The Election of 1800; Breaking the Tie (pages 297–298)
Who won the election of 1800?
Two parties had candidates in the presidential election of 1800. They were the Federalists and the Democratic-Republicans. The Democratic- Republicans argued that the Federalists’ Alien and Sedition Acts violated the Bill of Rights. The Federalists called the Democratic-Republicans radicals—people who take extreme political positions. The Federalists’ candidate, President John Adams, lost the election. But there was a tie between two Democratic-Republican candidates—Thomas Jefferson and Aaron Burr.
According to the Constitution, the House of Representatives had to choose between Burr and Jefferson. The Federalists, however, still controlled the House of Representatives. It was true that the Democratic-Republicans wanted Jefferson as their president. Even so, the Federalists would decide the winner. Members of the House of Representatives voted 36 times before finally electing Jefferson as president. Burr became vice-president.
1. How was the election of 1800 decided?
The Talented Jefferson; Jefferson’s Philosophy (pages 298–299)
What were Jefferson’s thoughts about the country?
Thomas Jefferson was one of the United States most talented presidents. He was a skilled violinist, horseman, and amateur scientist. Jefferson was also an architect. He helped in the planning and design of Washington, D.C. Jefferson loved to read, too. His book collection became the core of the Library of Congress. As president, Jefferson tried to unite Americans by promoting a common way of life. He wanted the United States to be a nation of independent farmers. He did not like the crowded city life he had seen in Europe. He believed that a nation of independent farmers would have strong morals and good democratic values. As president, Jefferson lived a simple life. He believed in a modest role for the central government, too.
2. What kind of nation did Jefferson want?
Undoing Federalist Programs; Marshall and the Judiciary (pages 300–301)
Why did Jefferson have little power over the courts?
Jefferson thought that the central government should have less power than it did under the Federalists. He sought to end many Federalist programs.

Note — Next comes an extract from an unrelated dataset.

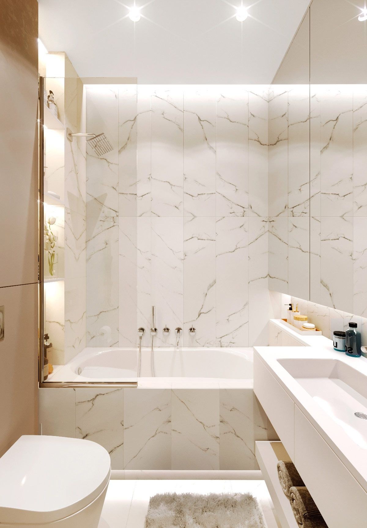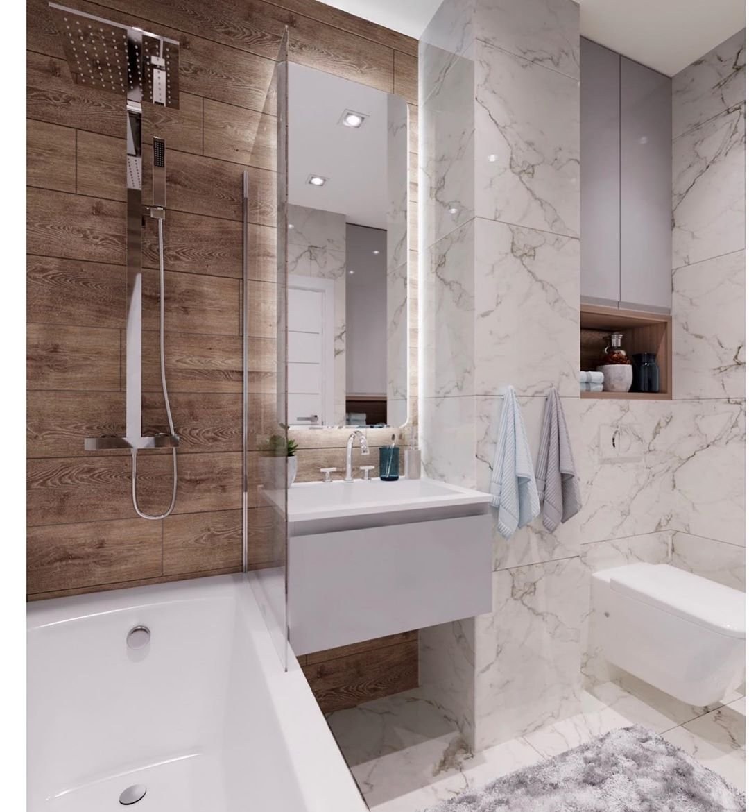 Плитка мрамор в маленькой ванной

Jefferson asked Congress—now controlled by his party—to let the Alien and Sedition Acts end. It did, and Jefferson released people imprisoned under the acts. Congress also ended many taxes passed by the Federalists, including the whiskey tax. The loss of tax moneys lowered the government’s income. To save money, Jefferson reduced the number of government employees and the size of the military.
Jefferson also tried to replace the financial system set up by Federalist Alexander Hamilton. Hamilton’s system relied on a certain amount of government debt. He thought that people who were owed money by their government would make sure that the government was run well. Jefferson, however, was against public debt. He worked hard to reduce the amount of money the government owed.

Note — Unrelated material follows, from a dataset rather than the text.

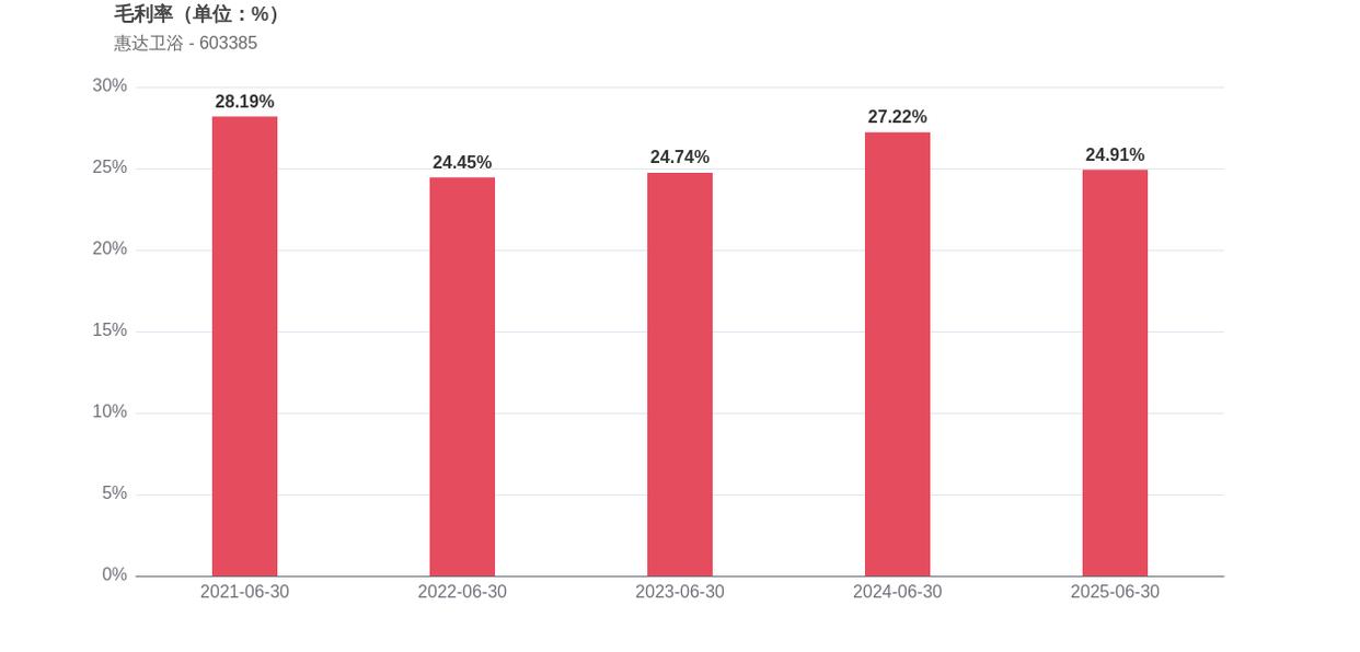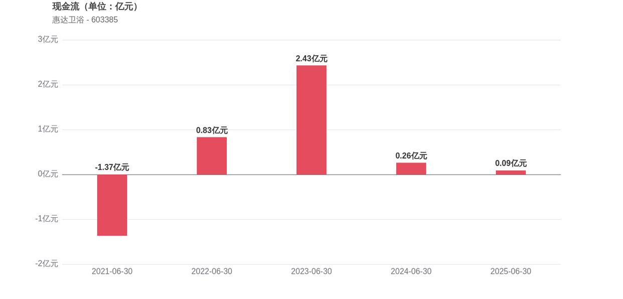 在经营稳健性方面,惠达卫浴面临存货周转效率放缓的挑战,存货周转天数增至160.31天,表明公司库存管理压力加大。经营活动产生的现金流净额为0.09亿元,同比下滑65.38%,显示出公司现金创造能力的减弱。此外,2025年上半年的资产负债率为25.65%,同比下降5.37个百分点,这意味着公司负债水平有所改善。

Jefferson had less power over the courts. Under the Judiciary Act of 1801, John Adams had appointed as many Federalist judges as he could before Jefferson took office. This meant that the new Democratic-Republican president faced a firmly Federalist judiciary. Adams had also appointed Federalist John Marshall as Chief Justice of the Supreme Court. Marshall served as Chief Justice for over 30 years. During that time, the Supreme Court upheld federal authority and strengthened the federal courts.
3. How did the Judiciary Act of 1801 affect Jefferson’s power over the courts?
Marbury v. Madison (page 301)
What was the ruling in Marbury v. Madison?
Before Jefferson took office, President Adams had selected a man named William Marbury for a job in Washington, D.C. But when Jefferson took office, his Secretary of State, James Madison, refused to give Marbury his job. Marbury sued, and the case went to the Supreme Court. In the case known as, Marbury v. Madison, John Marshall ruled that the law under which Marbury sued was unconstitutional—that is, it went against the law of the Constitution. Marbury did not get his job.
The Supreme Court had decided against Marbury. But the Court’s decision had another result. By declaring a law unconstitutional, the Court established the principle of judicial review. This principle says that the Supreme Court is the branch of government that has the power to say exactly what the Constitution means. If the Supreme Court says that a law goes against the Constitution, then that law cannot be put into effect.
4. How did Marshall rule in Marbury v. Madison?